Боцман удивленно взглянул на Жака Парижанина и, откинувшись на высокую троноподобную спинку дубового стула, мрачно подергал себя за огрызок уха.

– Дюваль… – проклокотал он. – Дюваль – это тебе не какая-то тля трюмная, это штурман.

– Но и вы ведь тоже неплохой боцман.

– Ты прав, Парижанин, я хороший боцман. И все же найти хорошего боцмана значительно легче, нежели даже плоховатого штурмана. Особенно для такого трудного плавания. Может быть, меня это слегка и задевает, но море требует справедливости.

– Море требует справедливости, – эхом отозвался Рой д’Альби, восхищаясь мудростью сказанного, которое, как он почувствовал, навсегда останется в его памяти и его душе. – «Море требует справедливости. Как просто, а значит, священно».

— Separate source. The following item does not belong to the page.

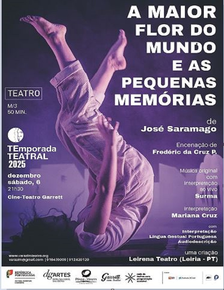O espetáculo "A Maior Flor do Mundo e As Pequenas Memórias" mistura as aventuras de um menino com as lembranças da infância do próprio autor, José Saramago. Nessa narrativa, o herói parte numa jornada para além da sua aldeia, habitada pela sua família, em busca de algo maior. A peça utiliza uma estética inspirada em livros pop-up, criando um ambiente mágico e cenográfico que combina movimento, voz e o som ao vivo, em colaboração com a artista Surma. A dramaturgia entrelaça a história do menino em "A Maior Flor do Mundo" com as memórias de Saramago, exploradas em "As Pequenas Memórias", levando o público a uma viagem poética e visual sobre a infância, o tempo e as descobertas.

– Так вот, справедливость моря говорит мне, старой тле трюмной, что Дюваль – не просто штурман, он – великий штурман. Он – из той касты штурманов, которые ценятся во все века, на всех морях и во всех портах мира. И это я, боцман Кашалот, могу прийти на поклон к вербовщику матросов. Это я, когда якорь воткнется мне в одно место, могу согласиться выйти в море не боцманом, а старшим палубным матросом или бомбардиром. Но только не Дюваль. Нет, Дюваль, конечно же, спит и видит себя штурманом одного из кораблей адмирала. Но скорее он превратится в портового нищего, чем снизойдет до того, чтобы напрашиваться на эту должность. Все, кому нужен хороший штурман, понимают, что в Гавре есть только один по-настоящему хороший штурман, прекрасно знающий нрав Великого Океана, – это Дюваль. И так же хорошо понимают, что Дюваль не терпит мелкого каботажа, то есть он не будет мельтешить на суденышке вдоль берегов Франции, от порта к порту, где любой сведущий капитан спокойно может обойтись и без штурмана. И еще Дюваль не может долго ходить на одном судне и одним курсом. Это истинный странник морей. Он тяготится всем, что уже пройдено им, что ему известно. Если мы тоскуем по знакомым берегам, то он наоборот, тоскует по берегам, на которые еще никогда не ступал. На которые вообще не ступала нога француза, нога белого человека; по берегам, которые никогда не слышали молитвы.

– Спасибо, боцман, мне очень важно было знать, кто таков Дюваль на самом деле. С ним и с вами я готов идти к любой земле, которая до сих пор не слышала молитв. И, сжав в кулаке золотые монеты, Жак Парижанин ликующе потряс ими в воздухе. «Знала бы Маргрет, как бешено мне повезло!»

– Да, адмирал и в самом деле обещает хорошо заплатить из корабельной казны – по-своему истолковал его ликование Кашалот. – А кроме того, выделить каждому матросу его долю из всего, что будет добыто «на земле без молитв». Так что слава адмиралу де Робервалю! – провозгласил он уже не столько для Жака Парижанина, сколько для тех двух полуоборванцев, которые, выдыхая похмельную гарь, ввалились в вестибюль «Самаритянина», чтобы и самим испытать счастье.

«Теперь-то я наконец смогу написать письмо Маргрет. Теперь мне есть о чем писать: я ухожу в море! Я вернусь небедным, а возможно, и вполне состоятельным человеком, и мы поженимся, как только я ступлю на этот орошенный слезами и молитвами берег Франции, – вот что я напишу ей! И очень жаль, что она не в Гавре, и мы не сможем повидаться. Прощание перед выходом в Великий Океан! Это же так прекрасно!»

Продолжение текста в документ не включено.